Juschtschenko über den Zerfall der RF: Putin drängt das Land in Unruhe und Spaltung.
Nach Angaben von ТСН: Der dritte Präsident der Ukraine, Viktor Juschtschenko, äußerte die Meinung, dass die Politik Wladimir Putins Russland progressiv in innere Unordnung und möglicherweise sogar in den Zerfall führt.
In einem Interview sprach er über die Perspektiven Russlands und die nationalen Stimmungen im Inneren des Landes. Juschtschenko bemerkte, dass Russland trotz der Sanktionen immer noch finanzielle Ressourcen hat, die ihm helfen, über Wasser zu bleiben, jedoch ist die wirtschaftliche Situation im Staat in einer tiefen Stagnation.
„Die Wirtschaft des Aggressorstaates stürzt ins Verderben“,- betonte er.
Seiner Meinung nach trägt die Politik des Kremls zur Verschärfung destruktiver Prozesse bei. Er stellte fest:
„Putin tut eine großartige Sache. Er führt Russland ins Verderben durch Unruhe. Es wird zwingend Unruhe geben. Nach ihr könnten ein bis zwei Dutzend Projekte der nationalen Befreiung entstehen“,- betonte der dritte Präsident.
Der Politiker erwähnte auch Tatarstan und Baschkortostan, die über bedeutende Ölressourcen verfügen und in der Lage sind, ihre Finanzen unabhängig von Moskau zu verwalten.
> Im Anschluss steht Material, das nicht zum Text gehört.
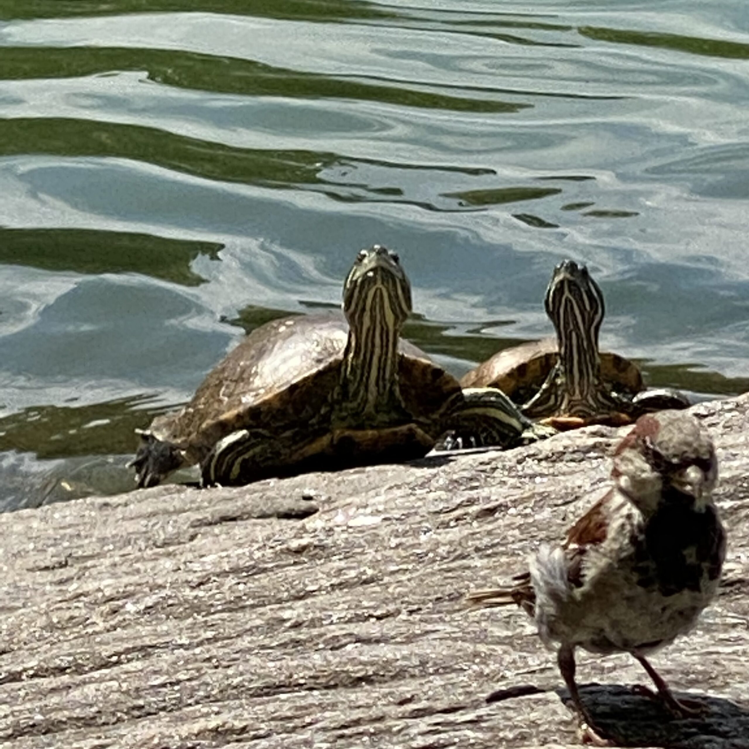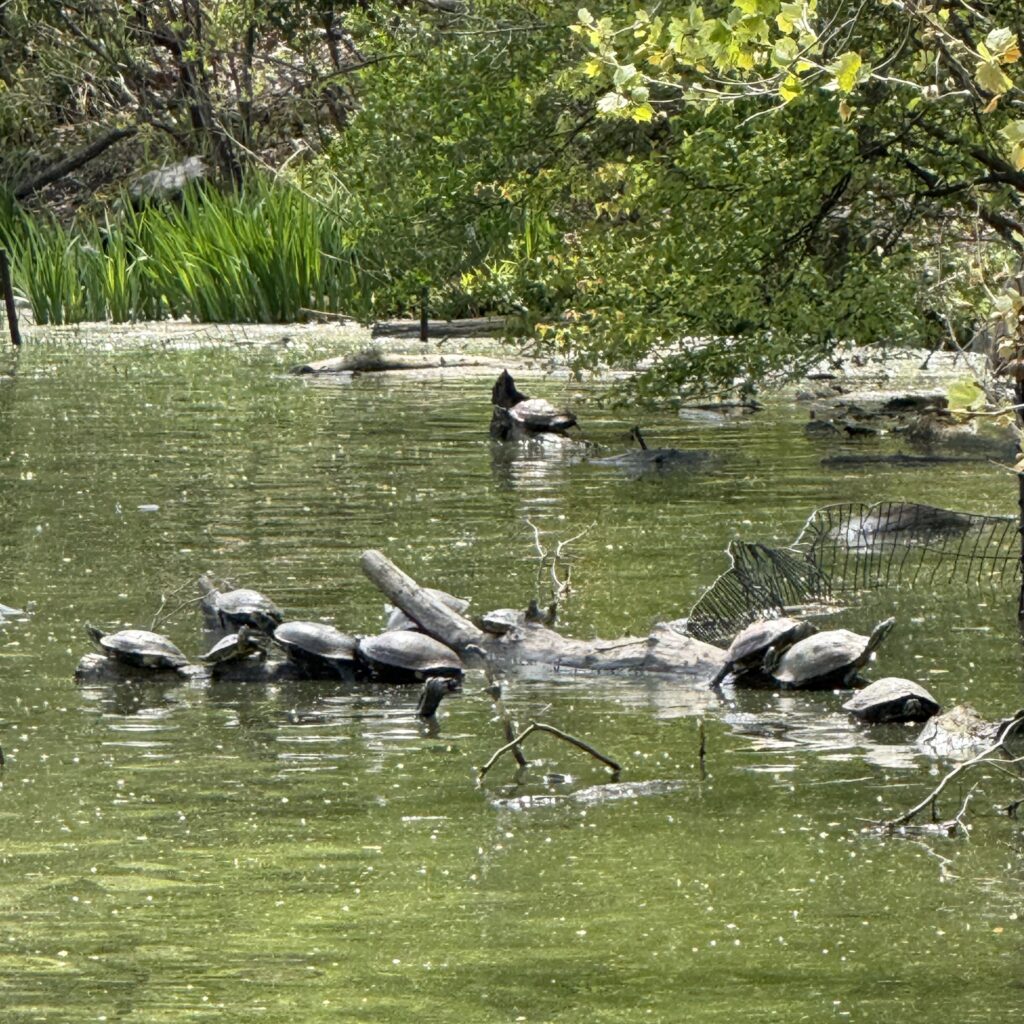 You welcome the turtles who have emerged and are sunny themselves on rocks and floating branches.

Er lenkte die Aufmerksamkeit auch auf Jakutien:
„Und die Jakuten, die eine Fläche von fünf bis sechs Frankreichs einnehmen? Sie haben Lagerstätten von Weltrang - von Diamanten bis Gold“,- bemerkte Juschtschenko.
Juschtschenko fügte hinzu, dass in vielen Völkern der RF bereits ein starkes nationales Bewusstsein entstanden ist, insbesondere im Dagestan und Tschetschenien:
„Was haben der Jakute und der Dagestaner gemeinsam? Nichts. Und was haben der Tatar und der Burjat gemeinsam? Verschiedene Glaubensrichtungen, verschiedene Sprachen, unterschiedliche Geschichte, unterschiedliche nationale Helden“,- erklärte er.
Der Ex-Präsident glaubt, dass die von Russland unterdrückten Völker erst dann aufstehen können, wenn sie ihre nationale Identität formieren. Er erinnerte an das tatarische Volk, das seine Kultur, Sprache und historische Erinnerung bewahrt hat, insbesondere an die Eroberung von Kasan durch Iwan IV. im Jahr 1552:
„Sie haben ihr nationales Kernstück nicht verloren - Sprache, Erinnerung, Kultur, Religion, Traditionen. Deshalb gibt es große Chancen“,- fasste Juschtschenko zusammen.
Er stellte auch fest, dass Wladimir Putin angezeigt hat, wie viel Russland bereit ist zu kämpfen, indem er feststellte, dass es nur dann einer Waffenruhe zustimmen wird, wenn die Ukraine die Gebiete verlässt, die der Kreml für seine eigenen hält. Wahrscheinlich gehören zu diesen Gebieten Teile der Regionen Donezk, Cherson und Saporoschje.
Die Äußerungen von Viktor Juschtschenko zu Russlands Zukunft und seinen nationalen Prozessen reflektieren die besorgniserregenden Stimmungen, die in der Gesellschaft herrschen. Mögliche Szenarien der Ereignisentwicklung in Russland zu betrachten, ist nicht nur für die Ukrainer wichtig, sondern auch für die internationale Gemeinschaft, da der Einfluss dieser Ereignisse die Stabilität der Region als Ganzes erschüttern könnte. Auch die Position verschiedener Völker Russlands, die möglicherweise vor Veränderungen in ihrer Identität und ihrem Gesellschaftssystem stehen, ist von Interesse.